Cambio de planes: con arcas del Central “a mano”, el Gobierno acepta pauta salarial más alta para apuntalar el consumo

El Ejecutivo tiene ahora mayor margen de maniobra para afrontar deudas, controlar al dólar y emitir pesos. En principio, apuntaba a que las negociaciones por salarios ronden el 18%. Pero el clima político cambió y ahora un 25% “no viene nada mal” para que no se enfríe la economía. Nuevo escenario

De a poco va quedando claro que el número clave de este año es 25.

Este es el porcentaje que aparece como el más probable para el aumento salarial durante 2012, de acuerdo con los analistas, empresarios y sindicalistas que están involucrados en las negociaciones por aumentos de sueldos.

Esto supone un cambio importante respecto del 18% que el Gobierno había dejado trascender, desde fines del año pasado, como una aspiración de incrementos para este año.

El punto de inflexión que hizo abandonar esta proyección fue la negociación con el gremio docente.

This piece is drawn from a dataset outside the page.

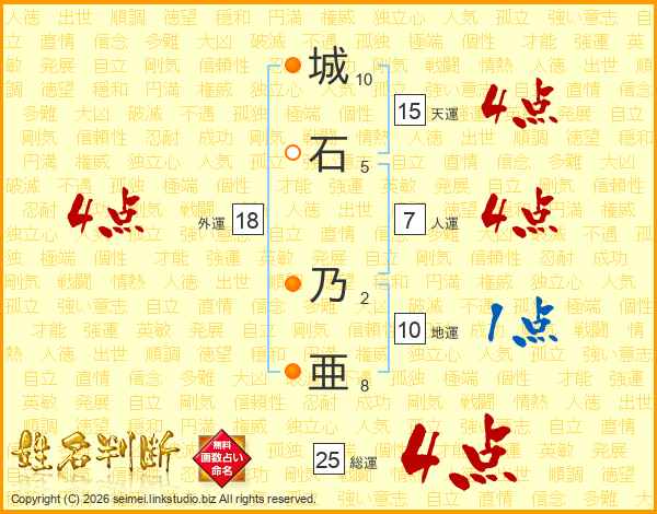 城石乃亜さんの総運は25画の4点!

Era, como todos los años, una paritaria seguida con atención por empresarios y analistas, ya que el porcentaje que allí se acuerda suele ser tomado como referencia por el sector privado.

Y, por sobre todo, se aguardaba la “señal política” del Gobierno para ver qué tan firme sería su posición en cuanto a la necesidad de moderar las aspiraciones de incremento de ingresos, en un contexto económico un tanto más complicado.

Allí, luego de una negociación de inusitada dureza mostrada por el lado oficial, se llegó finalmente a mejoras que promediaron el 22% (compuesta por un reajuste básico a nivel país del 19% más otro pequeño porcentaje -que varía según las provincias- de entre 3 y 5 puntos adicionales).

Relajamiento en la meta oficial
“El año pasado la paritaria docente se había cerrado en 27% a nivel nacional y luego la mayoría de los gremios tomaron ese porcentaje como referencia para cerrar en un promedio de 28%“, destaca el economista Victor Beker, experto en temas salariales.

En su visión, “es factible pensar que en este 2012 veamos un aumento en las remuneraciones que se ubicará algunos puntos por encima del 22% promedio que obtendrá el gremio de los maestros”.

El experto recuerda, además, que el cierre de la paritaria docente está en línea con la inflaciónregistrada en 2011 y que también coincide con la que muchos economistas proyectan para este año.

La interpretación política sobre si estos números son altos o bajos puede variar mucho. Sin dudas, desde la vereda sindical la postura gubernamental es vista como inflexible, al punto que ha reforzado el argumento de que -a diferencia de otros años- esta vez los salarios pasaron a seruna de las variables incluidas en el inevitable ajuste.

Pero también es cierto que, en comparación con las expectativas de incrementos que se habían generado hace unos meses, la sensación actual es que el Gobierno ha relajado su estricta visión inicial y estaría mostrándose más dispuesto a aceptar incrementos un poco más elevados.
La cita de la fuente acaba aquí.